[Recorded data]

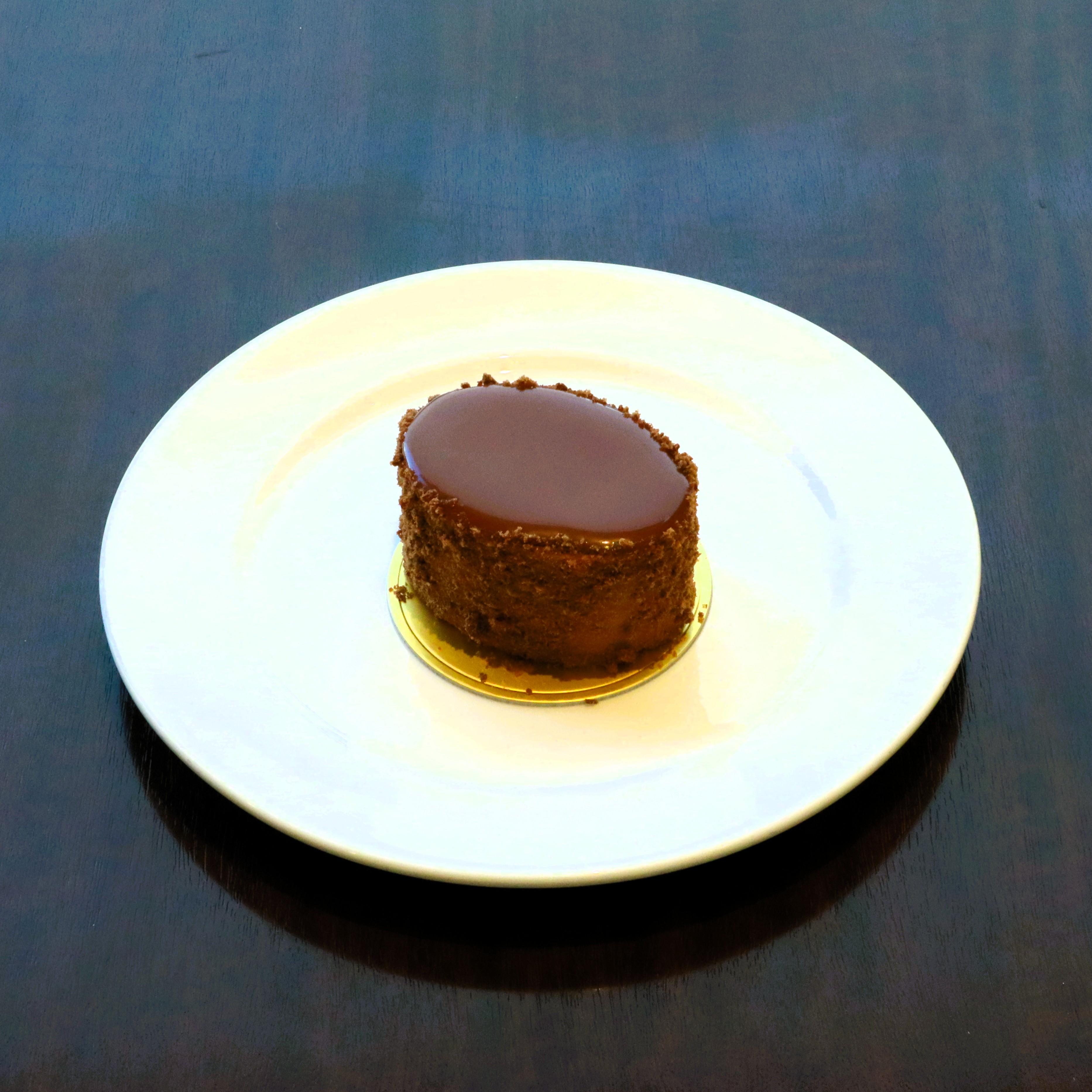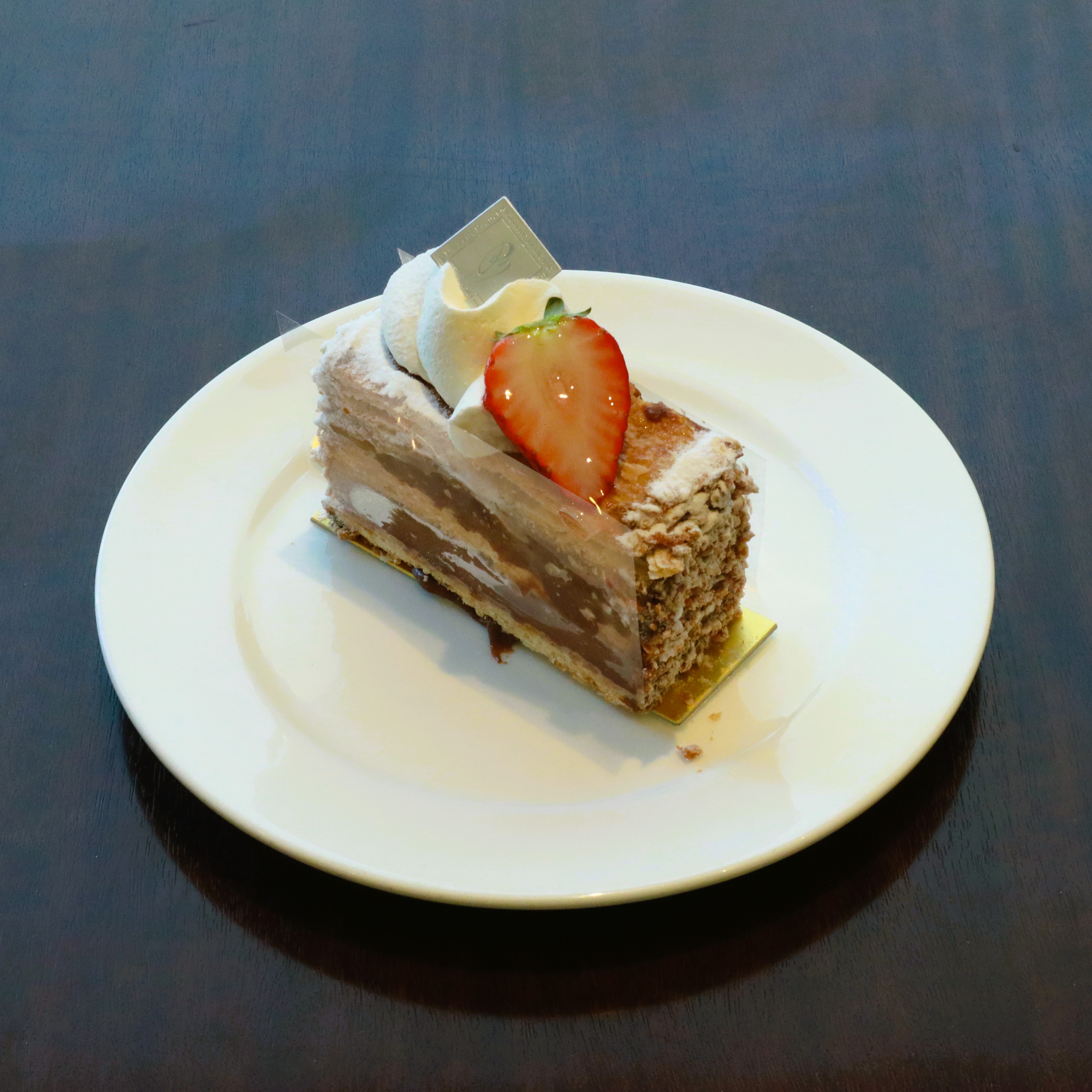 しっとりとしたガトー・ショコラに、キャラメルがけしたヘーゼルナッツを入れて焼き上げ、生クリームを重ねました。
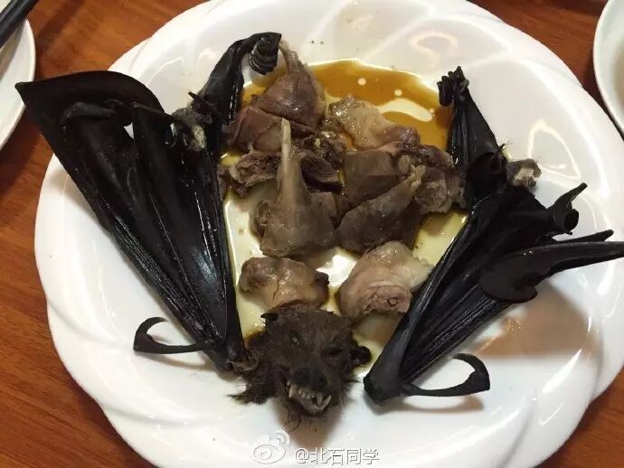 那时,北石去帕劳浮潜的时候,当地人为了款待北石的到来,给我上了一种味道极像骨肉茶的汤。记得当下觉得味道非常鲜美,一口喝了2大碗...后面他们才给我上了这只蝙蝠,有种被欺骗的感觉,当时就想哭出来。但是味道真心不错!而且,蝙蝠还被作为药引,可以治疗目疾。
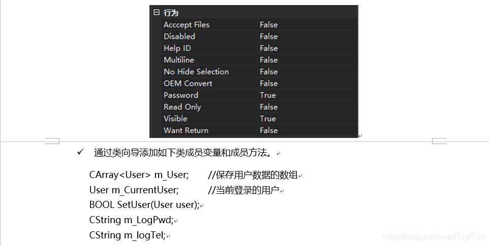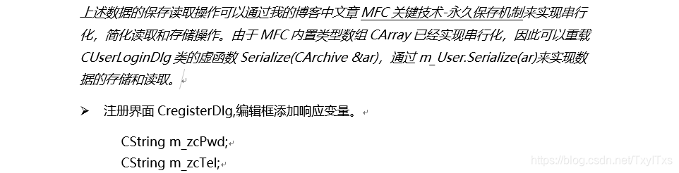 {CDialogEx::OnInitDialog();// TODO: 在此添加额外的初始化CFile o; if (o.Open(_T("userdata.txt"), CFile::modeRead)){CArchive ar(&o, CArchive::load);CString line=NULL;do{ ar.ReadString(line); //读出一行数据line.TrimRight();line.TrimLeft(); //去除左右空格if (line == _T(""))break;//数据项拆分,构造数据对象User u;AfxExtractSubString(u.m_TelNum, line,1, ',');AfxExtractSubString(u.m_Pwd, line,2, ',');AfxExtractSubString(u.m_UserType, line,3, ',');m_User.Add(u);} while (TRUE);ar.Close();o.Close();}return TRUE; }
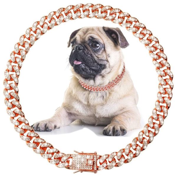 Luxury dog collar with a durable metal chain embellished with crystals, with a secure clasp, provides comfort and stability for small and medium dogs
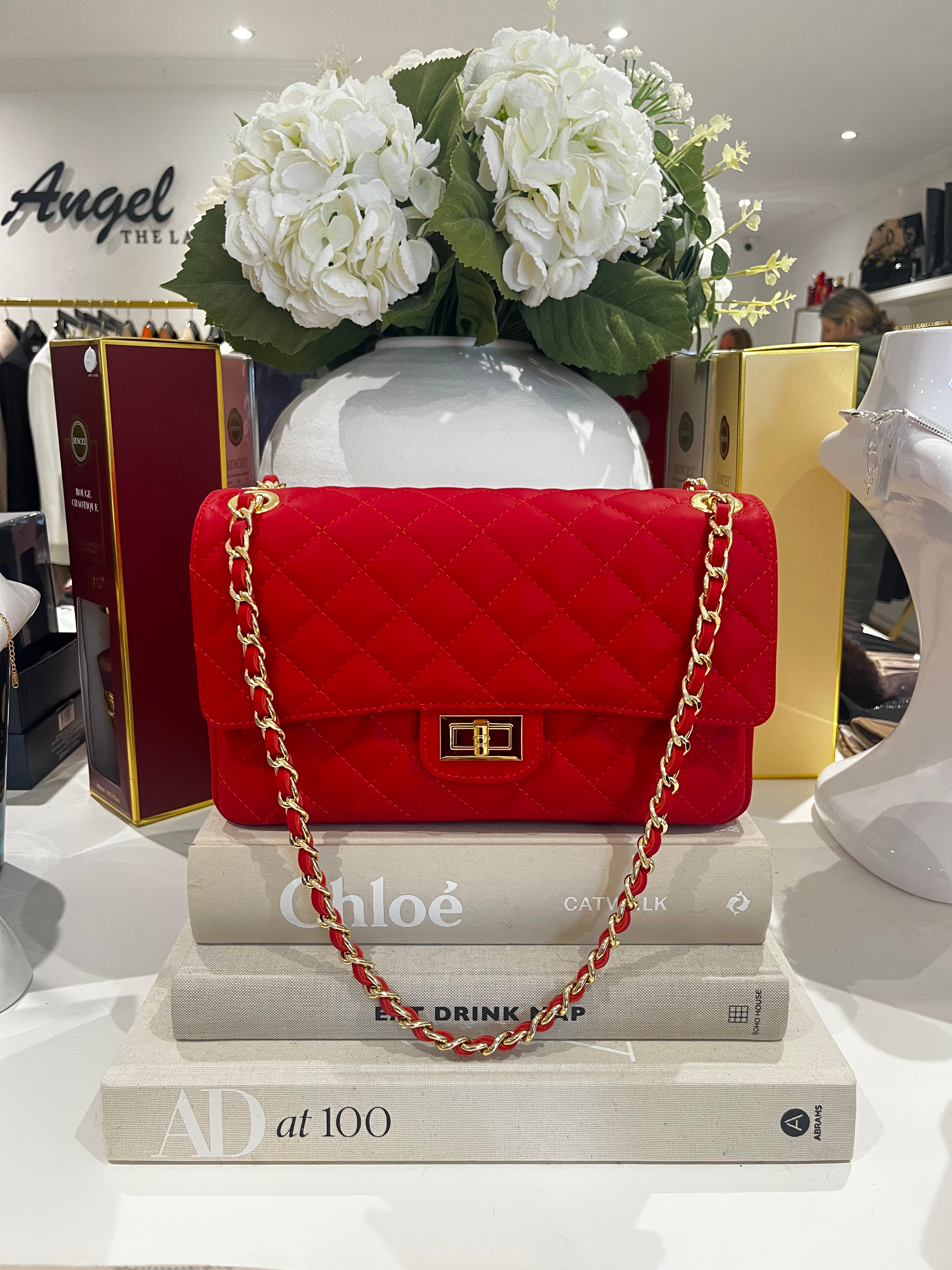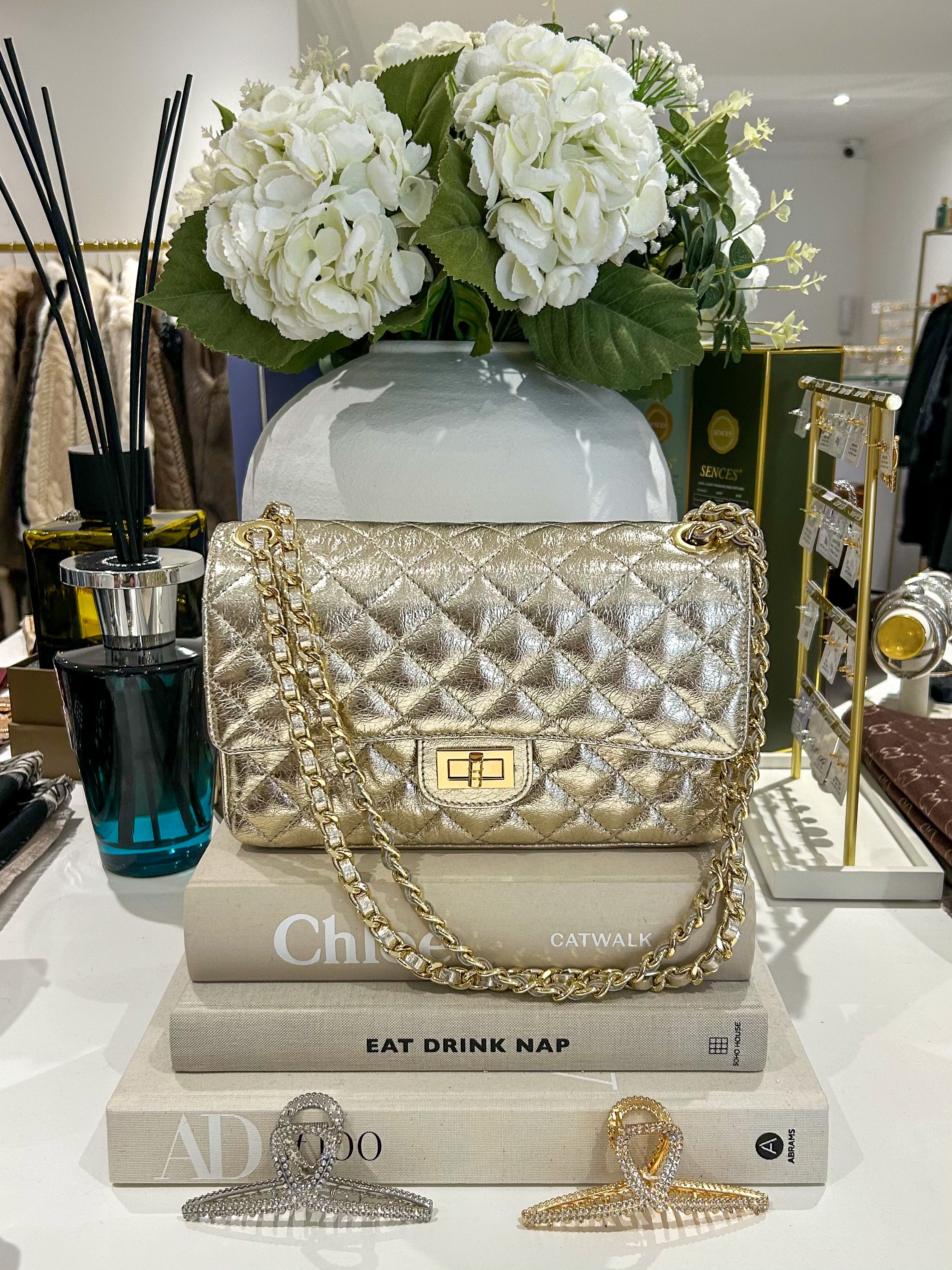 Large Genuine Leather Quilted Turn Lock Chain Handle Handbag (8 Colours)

*REQUIRED ACTION*. Where the line containing "Luxury dog collar" appears, begin copying there and continue exactly through the final line of the records; both end lines belong in the copy, pictures do not.

*TASK SOLUTION*.
 Luxury dog collar with a durable metal chain embellished with crystals, with a secure clasp, provides comfort and stability for small and medium dogs
 Large Genuine Leather Quilted Turn Lock Chain Handle Handbag (8 Colours)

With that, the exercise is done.